Consegue che l’illegittimo diniego del consenso alla cancellazione,
sia per volontà espressa sia per inerzia, da parte del creditore,
obbligherà il terzo acquirente a promuovere il giudizio di purgazione,
sulla cui regolamentazione si soprassiede in questa sede, che porterà
alla pronuncia dell’ordine di cancellazione; il diniego stesso non potrà,
pertanto, legittimare il giudice delegato all’emissione di un provvedimento
ad hoc, non essendo le norme previste dagli art. 586 c.p.c. e 2884 Cod.
civ. suscettibili di interpretazione analogica o estensiva, per di più
avendo il legislatore previsto l’istituto del giudizio autonomo di purgazione.
Un’ultima considerazione.
Come noto, il D.Lgs. 8 luglio 1999 n. 270 ha introdotto la nuova disciplina
dell’amministrazione straordinaria delle grandi imprese in stato di insolvenza;
secondo i primi interpreti, la novella costituisce una vera e propria miniriforma
dell’intera disciplina concorsuale, attesa l’ampiezza dell’ambito di applicazione
della nuova normativa.
L’art. 64 del citato D.Lgs., sostitutivo dell’art. 6 della legge 3 aprile
1979 n. 95, prevede espressamente che la cancellazione delle iscrizioni
relative a diritti di prelazione e delle trascrizioni dei pignoramenti
e dei sequestri conservativi sui beni trasferiti è ordinata dal
Ministero dell’Industria con decreto nei 15 giorni successivi al trasferimento.
Tale disposizione, ancorché non suscettibile di applicazione in
sede fallimentare e quindi non certo innovativa nell’ambito del fallimento
stesso, sembra, sia pure indirettamente, rafforzare la prassi e l’opinione
di chi, come in precedenza detto, ritiene ammissibile il potere in capo
al giudice delegato di emettere un provvedimento ad hoc, con cui si ordini
al conservatore la cancellazione delle iscrizioni e delle trascrizioni
pregiudizievoli gravanti sull’immobile alienato.

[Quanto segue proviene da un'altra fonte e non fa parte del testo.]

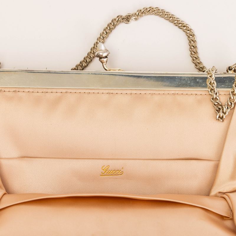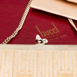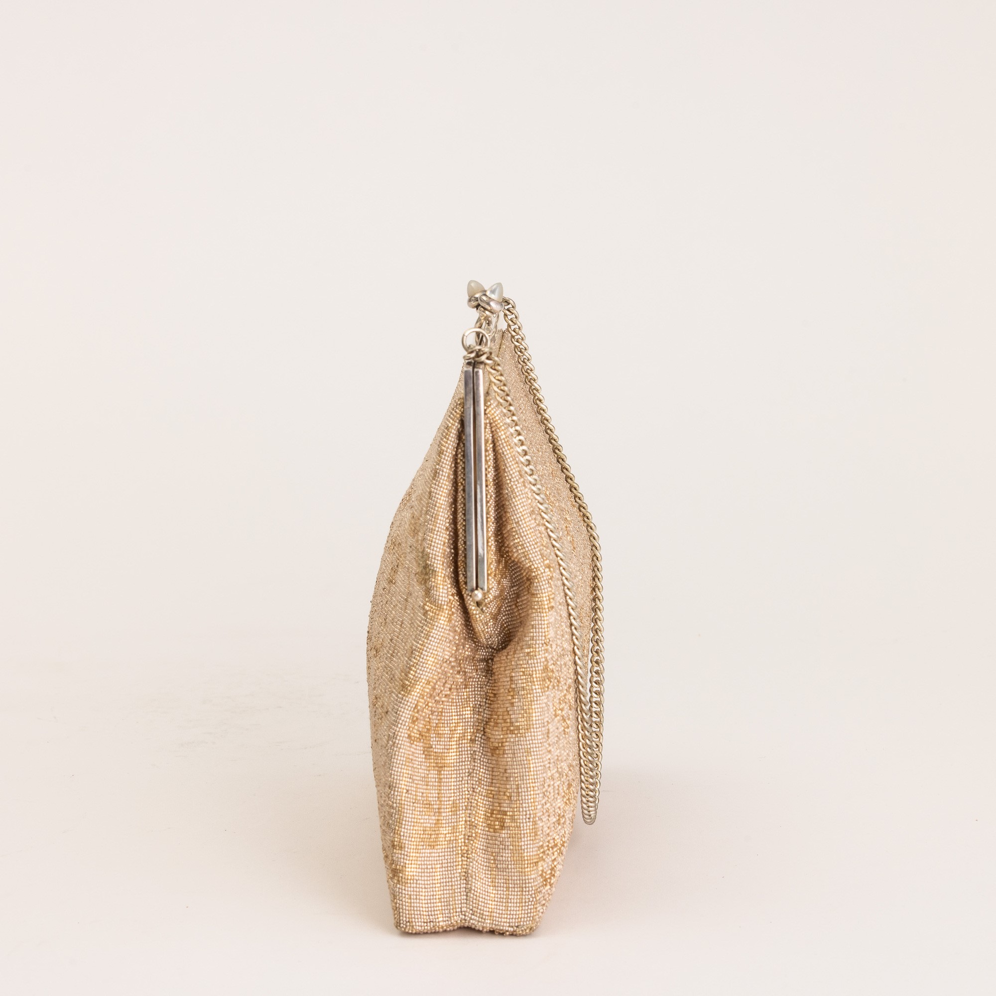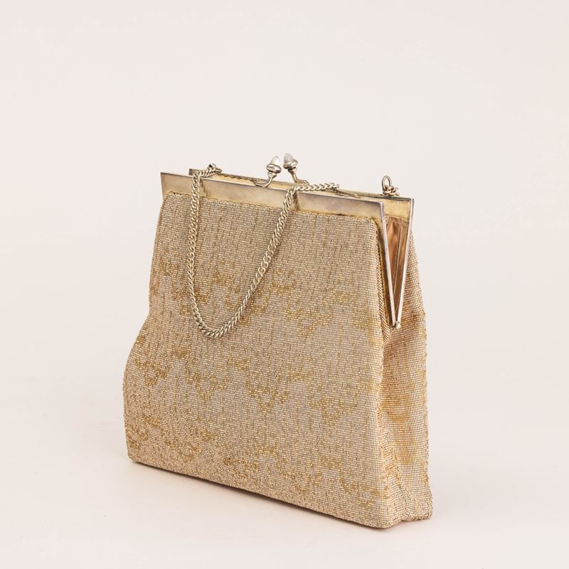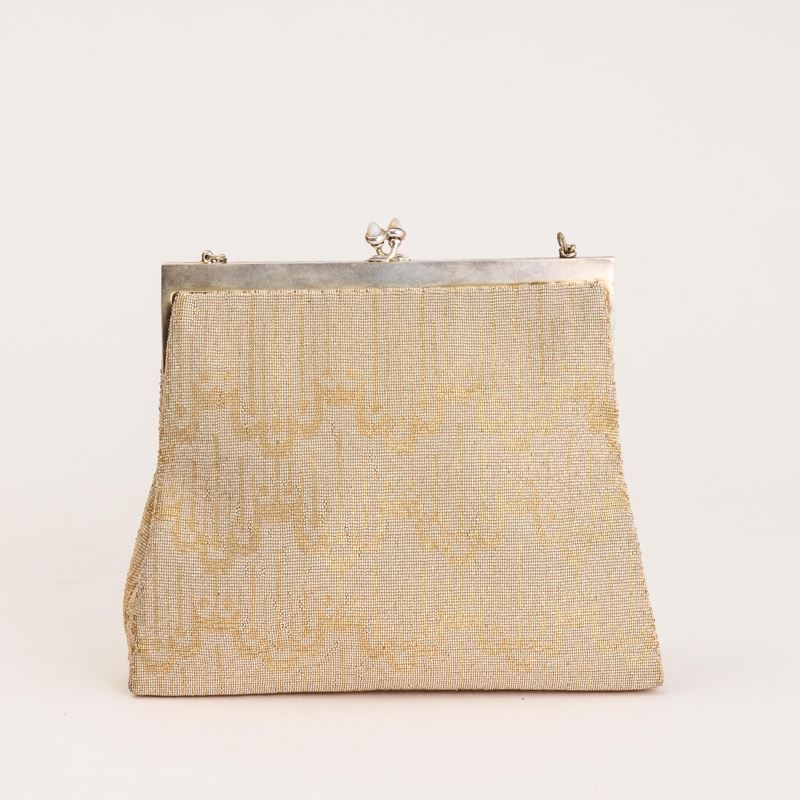 Borsetta vintage in perline color champagne, anni '50-'60.
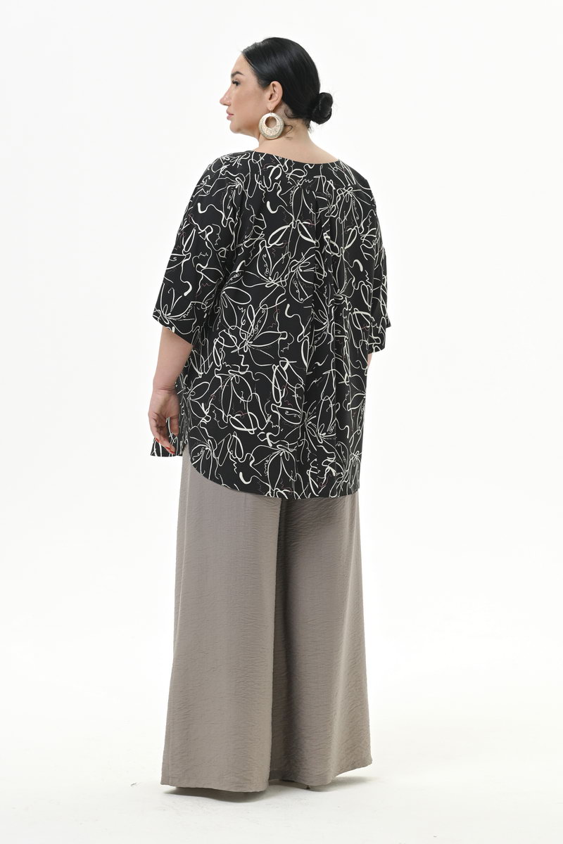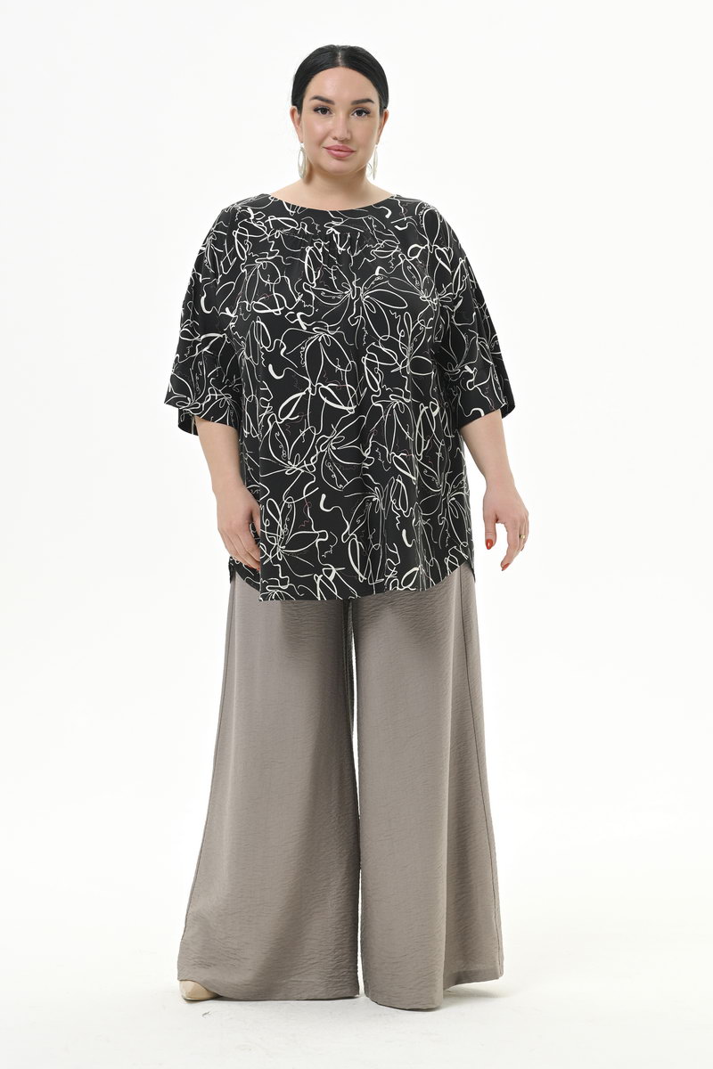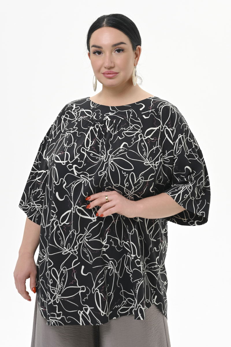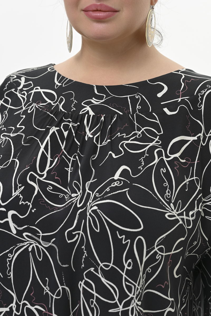 Туника с округлой обтачкой горловины, вискоза черная, принт "футуризм" *

Invero, non appare che la norma in esame possa portare al superamento
delle argomentazioni sin qui sostenute; piuttosto, dalla stessa sembra
emergere l’esigenza, de iure condendo, dell’introduzione di apposita previsione
legislativa che, allo scopo di attribuire maggiore speditezza alle formalità
conseguenti alla vendita di immobili in sede fallimentare con modalità
diverse rispetto al decreto di trasferimento, riconosca al giudice delegato
il potere di emanare un provvedimento analogo, nel proprio contenuto, all’ordine
di cancellazione espressamente previsto dall’art. 586 c.p.c.